Circular linked lists — Linked lists where the prev pointer of the head points to the tail and the next pointer of the tail points to the head.
Search: Find the first element with the key k in the given linked list by a simple linear search and returns a pointer to this element
Insert: Insert a key to the linked list. An insertion can be done in 3 different ways; insert at the beginning of the list, insert at the end of the list and insert in the middle of the list.
Delete: Removes an element x from a given linked list. You cannot delete a node by a single step. A deletion can be done in 3 different ways; delete from the beginning of the list, delete from the end of the list and delete from the middle of the list.
Used for symbol table management in compiler design.
Used in switching between programs using Alt + Tab (implemented using Circular Linked List).
A stack is a LIFO (Last In First Out — the element placed at last can be accessed at first) structure which can be commonly found in many programming languages. This structure is named as “stack” because it resembles a real-world stack — a stack of plates.Image by congerdesign from Pixabay
Given below are the 2 basic operations that can be performed on a stack. Please refer to Figure 3 to get a better understanding of the stack operations.
Push: Insert an element on to the top of the stack.
Pop: Delete the topmost element and return it.

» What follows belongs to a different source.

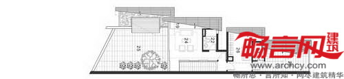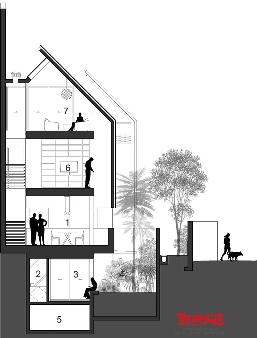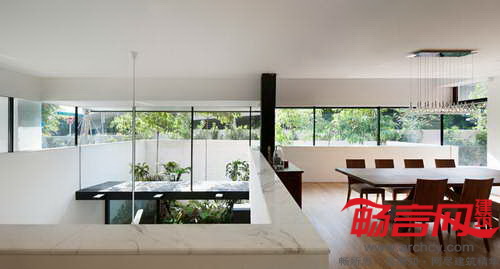 设计师给出的解决方案是使用四块折板真正将外界干扰隔开,并维护室内空间的私密性。住宅带有一个地沉式的花园,给主要生活区提供了宜人的植被。

Furthermore, the following additional functions are provided for a stack in order to check its status.
Peek: Return the top element of the stack without deleting it.
isEmpty: Check if the stack is empty.
isFull: Check if the stack is full.
Used for expression evaluation (e.g.: shunting-yard algorithm for parsing and evaluating mathematical expressions).

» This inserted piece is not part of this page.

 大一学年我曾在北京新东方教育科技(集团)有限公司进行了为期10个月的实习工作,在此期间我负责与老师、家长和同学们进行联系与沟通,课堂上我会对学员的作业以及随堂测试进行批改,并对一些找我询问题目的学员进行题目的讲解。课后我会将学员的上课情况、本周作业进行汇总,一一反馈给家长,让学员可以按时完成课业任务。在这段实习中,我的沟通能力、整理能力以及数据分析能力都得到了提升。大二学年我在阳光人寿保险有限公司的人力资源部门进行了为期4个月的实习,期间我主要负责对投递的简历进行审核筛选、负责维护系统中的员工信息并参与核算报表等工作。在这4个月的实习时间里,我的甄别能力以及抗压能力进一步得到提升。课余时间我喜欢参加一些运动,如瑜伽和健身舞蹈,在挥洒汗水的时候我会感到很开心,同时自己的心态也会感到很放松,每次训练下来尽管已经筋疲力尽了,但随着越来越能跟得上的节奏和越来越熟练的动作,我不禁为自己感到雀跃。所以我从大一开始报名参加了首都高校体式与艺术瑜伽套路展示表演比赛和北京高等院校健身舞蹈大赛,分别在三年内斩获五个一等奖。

Used to implement function calls in recursion programming.
Given below are the 2 basic operations that can be performed on a queue. Please refer to Figure 4 to get a better understanding of the queue operations.
Enqueue: Insert an element to the end of the queue.
Dequeue: Delete the element from the beginning of the queue.
Used to manage threads in multithreading.
Used to implement queuing systems (e.g.: priority queues).
A Hash Table is a data structure that stores values which have keys associated with each of them. Furthermore, it supports lookup efficiently if we know the key associated with the value. Hence it is very efficient in inserting and searching, irrespective of the size of the data.
Direct Addressing uses the one-to-one mapping between the values and keys when storing in a table. However, there is a problem with this approach when there is a large number of key-value pairs. The table will be huge with so many records and may be impractical or even impossible to be stored, given the memory available on a typical computer. To avoid this issue we use hash tables.
A special function named as the hash function (h) is used to overcome the aforementioned problem in direct addressing.
In direct accessing, a value with key k is stored in the slot k. Using the hash function, we calculate the index of the table (slot) to which each value goes. The value calculated using the hash function for a given key is called the hash value which indicates the index of the table to which the value is mapped.
h(k) = k % m
h: Hash function
k: Key of which the hash value should be determined
m: Size of the hash table (number of slots available). A prime value that is not close to an exact power of 2 is a good choice for m.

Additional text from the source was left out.